An AI-generated reggae song blasted onto the Green Tuesday afternoon from atop a cross-country bus on a mission to elect a third-party presidential candidate — while bringing about world peace through “high-vibration” partying.
The song was called “Kennedy.” Kyle Kemper, the man behind the wheel of the bus, created it to promote Robert F. Kennedy Jr.’s vaccine-skeptical, bitcoin-bullish, Deep State-targeting third-party presidential campaign.
Kemper took words from a campaign theme song Kennedy’s uncle, JFK, used for the 1960 presidential campaign. He tapped into AI to generate a reggae track out of it.
He blasts the song from the truck as he visits cities across the country promoting the campaign as, he said, a volunteer “independent grassroots” activator. Click here to watch a video he made with the candidate last year when he launched the tour.
Kemper is neither a Democrat nor a Republican, he said. “I’m a liminal being, meaning I don’t identify with either of these two party constructs.”
He’s also the half-brother of Canadian Prime Minister Justin Trudeau — who didn’t fare well in a conversation Kemper just had with Tucker Carlson. Kemper also has made the news as a promoter of the Dogecoin cryptocurrency.
As the “Kennedy” reggae number blared from the “The Remedy Is Kennedy”-emblazoned bus parked on Church Street alongside the Green Tuesday, Kemper and Meriden-based Kennedy campaigner Amber Webster handed Kennedy flyers to passersby. They asked people to sign petitions to place Kennedy’s name on the Nov. 5 general election ballot.
“This is my first campaign,” Webster said. “I’m a mom. I have two little ones. So I’m a big medical freedom advocate.” Kemper urged people to “release themselves from the identity of being a Republican or a Democrat. You are a human being.”
Kemper, who is based in Sarasota, Florida, actually does belong to a party, he clarified: the Decentralized Dance Party.
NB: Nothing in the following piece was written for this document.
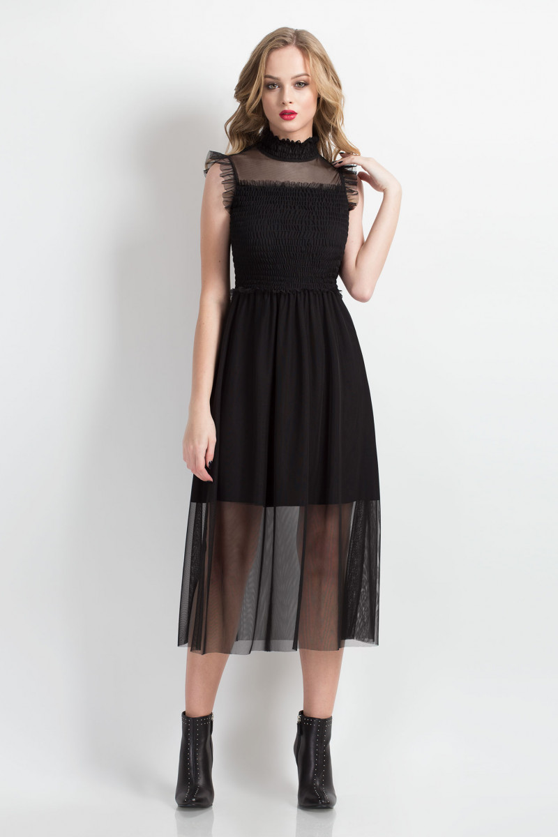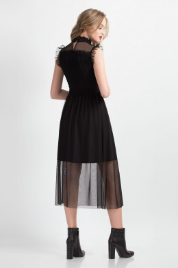 Платье из сетки. С воротником стойкой, с со сборкой на венгерку. С рукавом «крылышко» со сборкой. По переду и спинке кокетка, в шов под кокетку вставлены рюши. Нижняя часть переда и спинки со сборкой на венгерку. Отрезное по линии талии, в рез вставлена рюша. Юбка пышная, со сборкой по верхнему срезу. На подкладке. Застежка на потайную молнию в боковом шве.

The group bills itself as an “Open-Source Party Movement on a mission to unite the world in celebration and win the Nobel Peace Prize for Partying.”
“We host gigantic street parties,” Kemper said. “We have an FM radio transmitter. We get hundreds of boom boxes all tuned to the same channel. We go to public spaces and invite everybody to come participate in dance. Music can bring people to come together and drop their egos, get people to dance. We encourage costumes and props. High vibration music.
“That’s how we bring world peace. It’s not through bombs. It’s through music.”
The group planned just a brief stop. The itinerary called next for picking up some pizza, then driving to Brooklyn to meet with fellow Kennedy supporters. Next they’ll be making stops in Pittsburgh and Grand Rapids, Michigan, gathering all the vibes they can muster along the way.